KEYNOTE ADDRESS 2 Inequity, Oligarchy, and Protest: Reflections

AAS-IN-ASIA CONFERENCE – Asia in Motion: Heritage and Transformation (17-19 July 2014, Singapore)
KEYNOTE ADDRESS 2
SATURDAY, 19 JULY 2014 | 11:15 AM – 1:00 PM | AUDITORIUM, LEVEL 1, TOWN PLAZA
Inequity, Oligarchy, and Protest:
Reflections on our Time
Pasuk Phongpaichit
Professor, Faculty of Economics,
Chulalongkorn University, Thailand
Many people have commented on the themes running through the extraordinary wave of popular protest
worldwide over the past decade—especially the role of new media in shaping new constituencies of
discontent, and the role of the city as the stage-set of the theatre of protest. In this talk,
I want to acknowledge the importance of these themes in the protest politics of Southeast Asia, but also
examine what is happening through the lenses of inequity and oligarchy. The most sustained of these
protests in our region have been in my country, Thailand, but there have also been a significant
movement in Malaysia, an extraordinary incident in Singapore, and the rather special case of Myanmar.
Inequities may not be the spur of protest, but they are a major factor in the background. Economic
inequality underlies other inequities—in access to power, distribution of public goods, and human
respect—which often emerge as grievances in the rhetoric of protest. Heightened consciousness of these
inequities is a function of changing public expectations in the course of economic growth and social
change. A tendency to oligarchy persists at many levels of society—a hangover from the traditional era
that is being constantly adapted to new conditions. Claims to political domination based on membership
(e.g., in an aristocracy, military, or bureaucracy) are being superseded by claims based on special qualities
such as wealth and education. Oligarchic structures of domination adapt flexibly to new conditions.
Inequity and oligarchy are intimately linked. The new mass politics has begun to challenge the
mainstream thinking in which inequities are acceptable and oligarchy is normal. For the region’s future in
the post-postcolonial era, this is reason for optimism.
Pasuk Phongpaichit took her PhD from the University of Cambridge, UK. She is Professor at the Faculty of
Economics, Chulalongkorn University, Thailand. She has been named a distinguished alumni of Monash
University. She has been visiting professor at Johns Hopkins University, University of Kyoto, Griffiths
University Brisbane, University of Washington, and the University of Tokyo.
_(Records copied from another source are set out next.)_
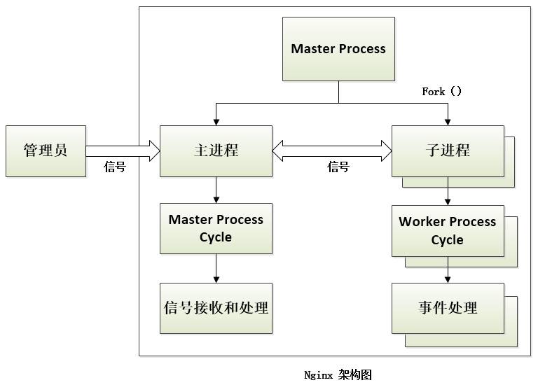 Nginx 服务器使用 master/worker 多进程模式。多线程启动和执行的流程如下:主程序 Master process 启动后,通过一个 for 循环来接收和处理外部信号;主进程通过 fork() 函数产生子进程,每个子进程执行一个 for 循环来实现 Nginx 服务器对事件的接收和处理。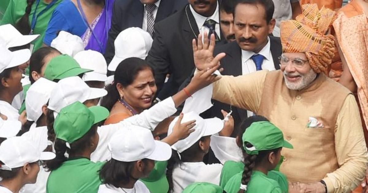 In an encore of the last year’s Independence Day celebrations, Modi, sporting a traditional safa (headgear), got down from his car while leaving the venue of the function at Red Fort and broke away from the Special Protection Group security cover to meet a group of school children, who had assembled there.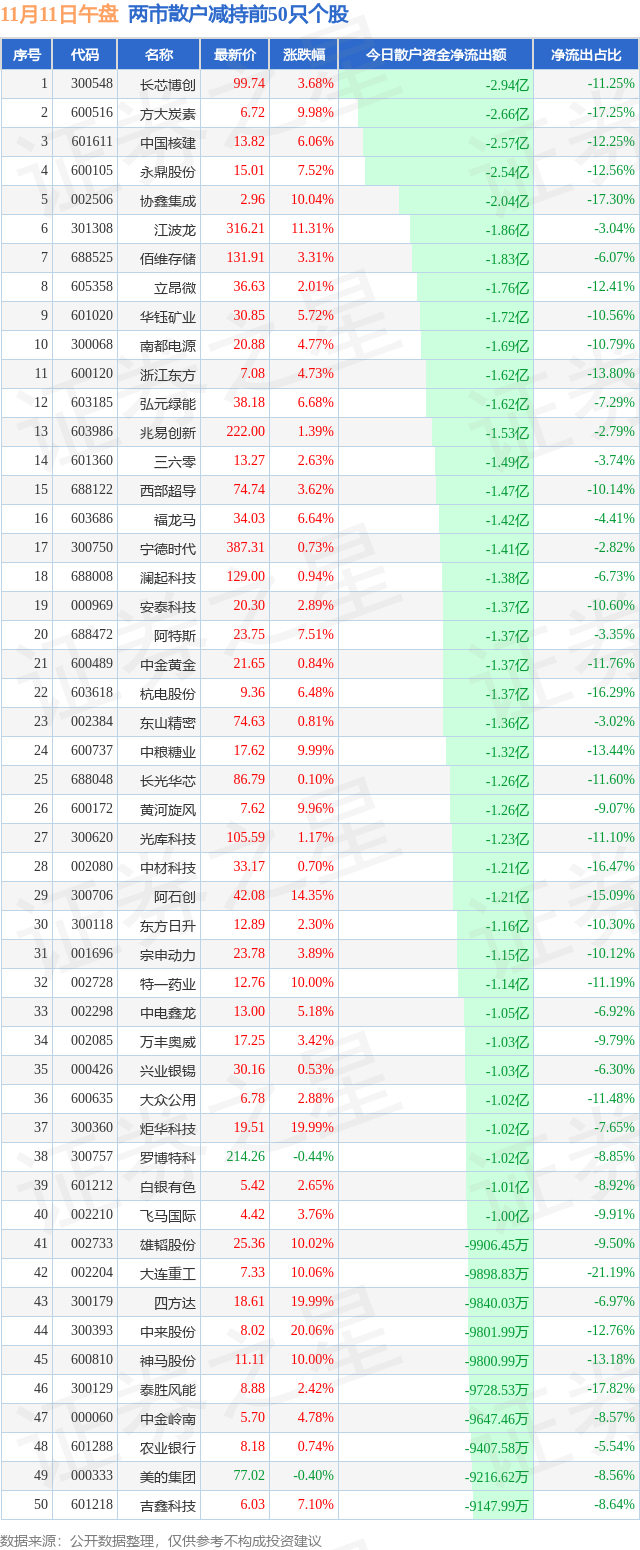 两市散户减持最多的前十只个股为:

Her first study published,
From Peasant Girls to Bangkok Masseuses in 1980 was a best-seller at the ILO Geneva. With Chris Baker,
she has written: Thailand: Economy and Politics, which won the 1997 national research prize (for the Thai
version), and has been translated into Japanese; Thaksin; A History of Thailand; and Thai Capital after the
1997 Crisis. Their translation of The Tale of Khun Chang Khun Phaen won the A. L. Becker Southeast Asian
Literature in Translation Prize for 2013. With her Chulalongkorn University research team, she has written
on corruption and the illegal economy in Thailand.